### Your instructions
Please transcribe the data below in full, word for word, without the images.

### The data
####################
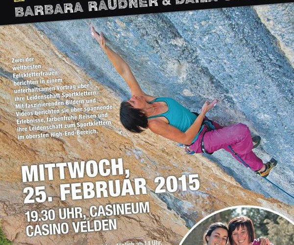 Zwei der weltbesten Felskletterfrauen berichten in einem unterhaltsamen Vortrag über ihre Leidenschaft Sportklettern. Mit faszinierenden Bildern und Videos berichten sie über spannende Erlebnisse, farbenfrohe Reisen und ihre Leidenschaft zum Sportklettern im obersten High-End-Bereich.
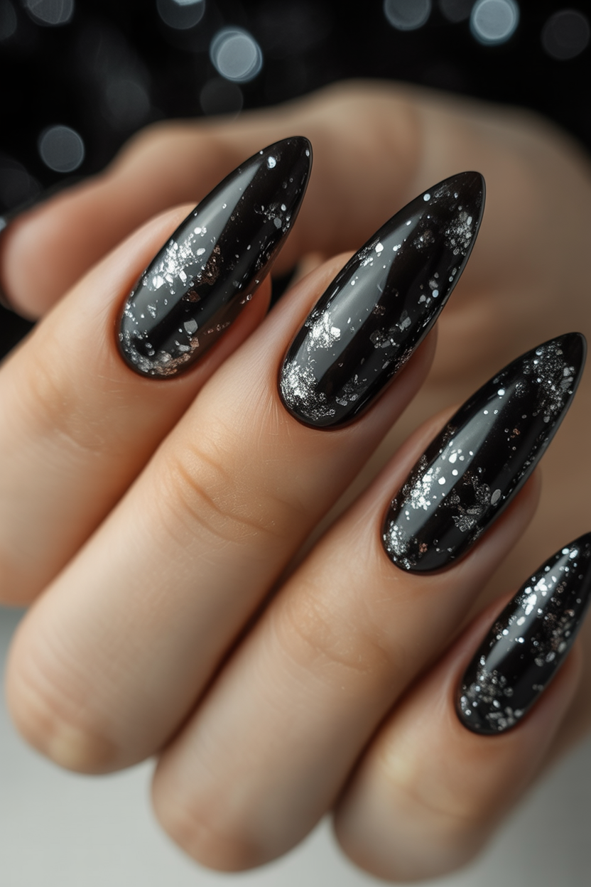 These long almond nails in glossy black sprinkled with silver glitter look like a midnight snowfall captured under moonlight. They have an alluring, slightly mysterious aura that makes them perfect for both holiday parties and chic everyday styling.
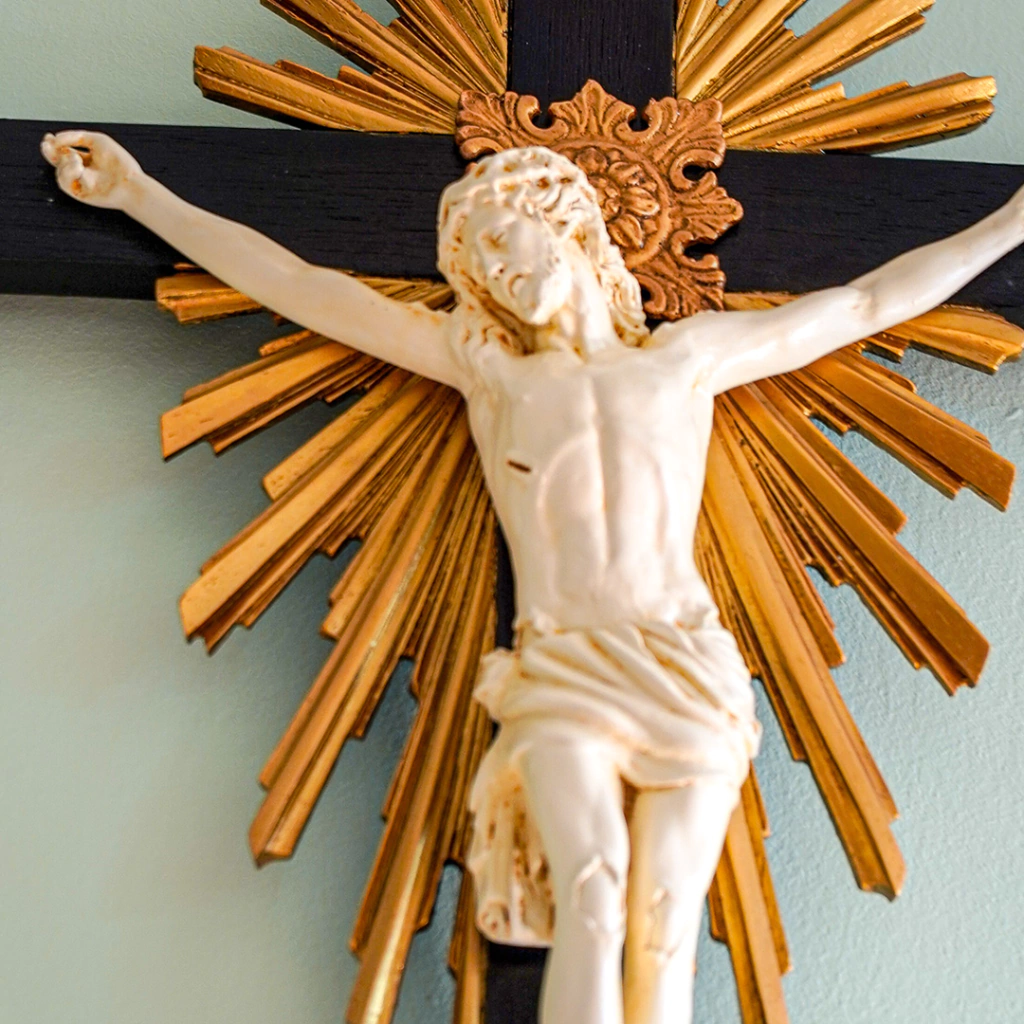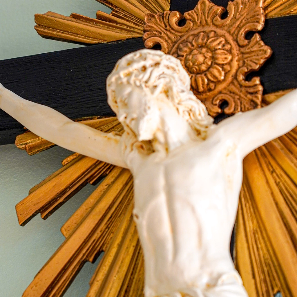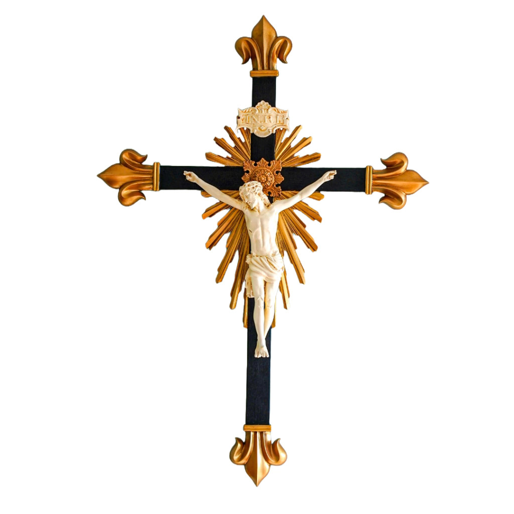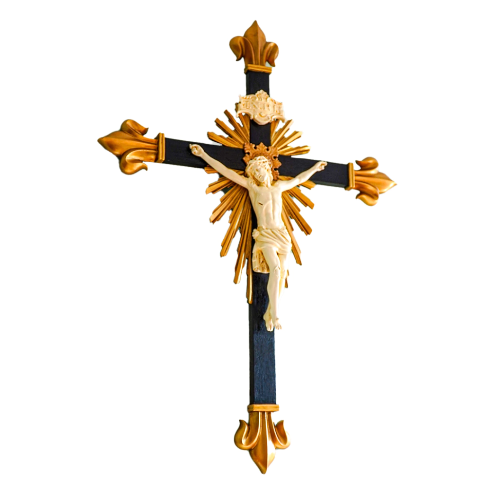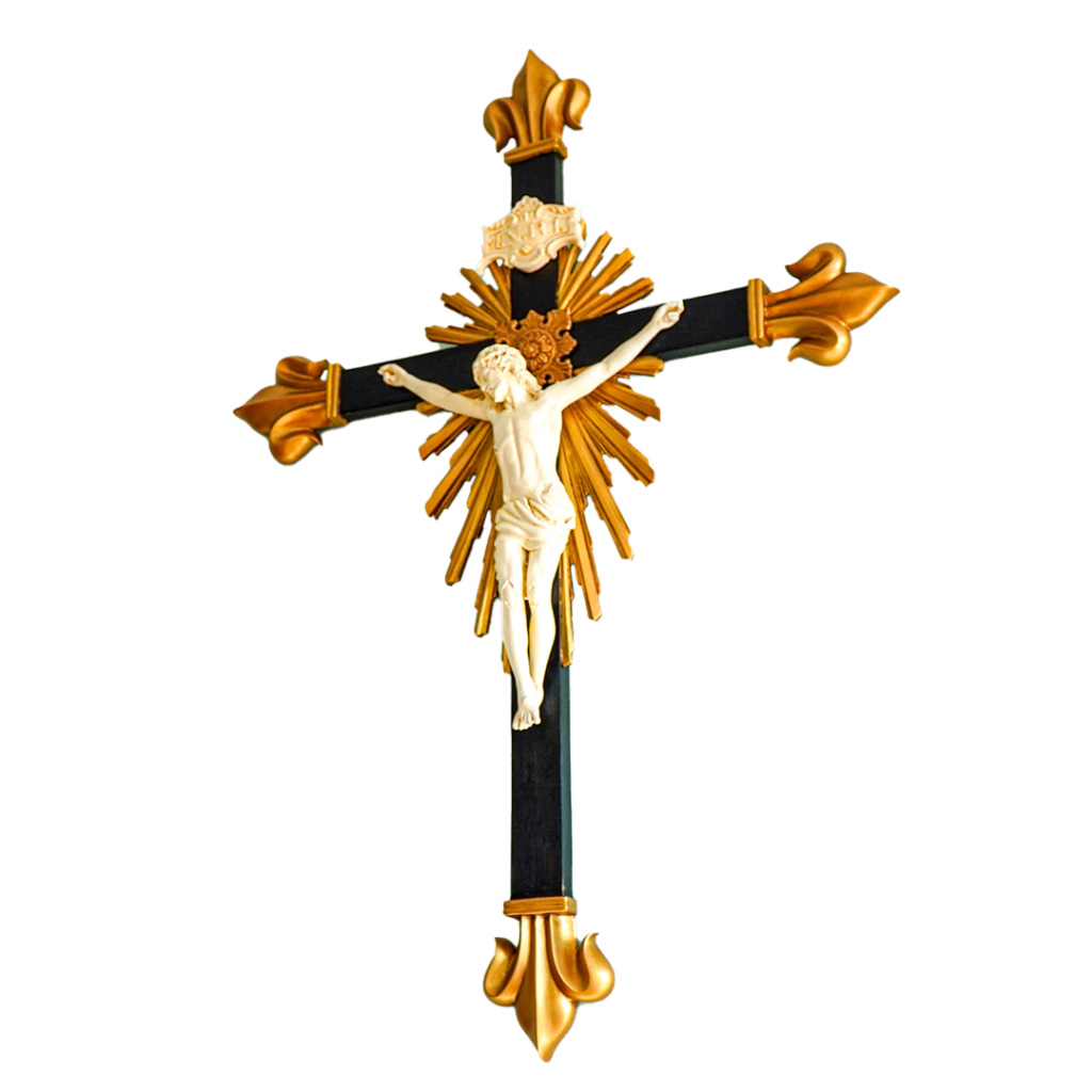 A cruz de madeira de 60 cm com ponteira de flor de lis, na cor marfim, é uma obra que une simplicidade e nobreza. O detalhe da flor de lis, símbolo de pureza e realeza, confere à peça um toque de elevação espiritual. O acabamento em marfim traz uma sobriedade que, junto ao simbolismo da cruz, convida à oração e reflexão sobre o sacrifício de Cristo.
####################
### Answer section
 Zwei der weltbesten Felskletterfrauen berichten in einem unterhaltsamen Vortrag über ihre Leidenschaft Sportklettern. Mit faszinierenden Bildern und Videos berichten sie über spannende Erlebnisse, farbenfrohe Reisen und ihre Leidenschaft zum Sportklettern im obersten High-End-Bereich.
 These long almond nails in glossy black sprinkled with silver glitter look like a midnight snowfall captured under moonlight. They have an alluring, slightly mysterious aura that makes them perfect for both holiday parties and chic everyday styling.
 A cruz de madeira de 60 cm com ponteira de flor de lis, na cor marfim, é uma obra que une simplicidade e nobreza. O detalhe da flor de lis, símbolo de pureza e realeza, confere à peça um toque de elevação espiritual. O acabamento em marfim traz uma sobriedade que, junto ao simbolismo da cruz, convida à oração e reflexão sobre o sacrifício de Cristo.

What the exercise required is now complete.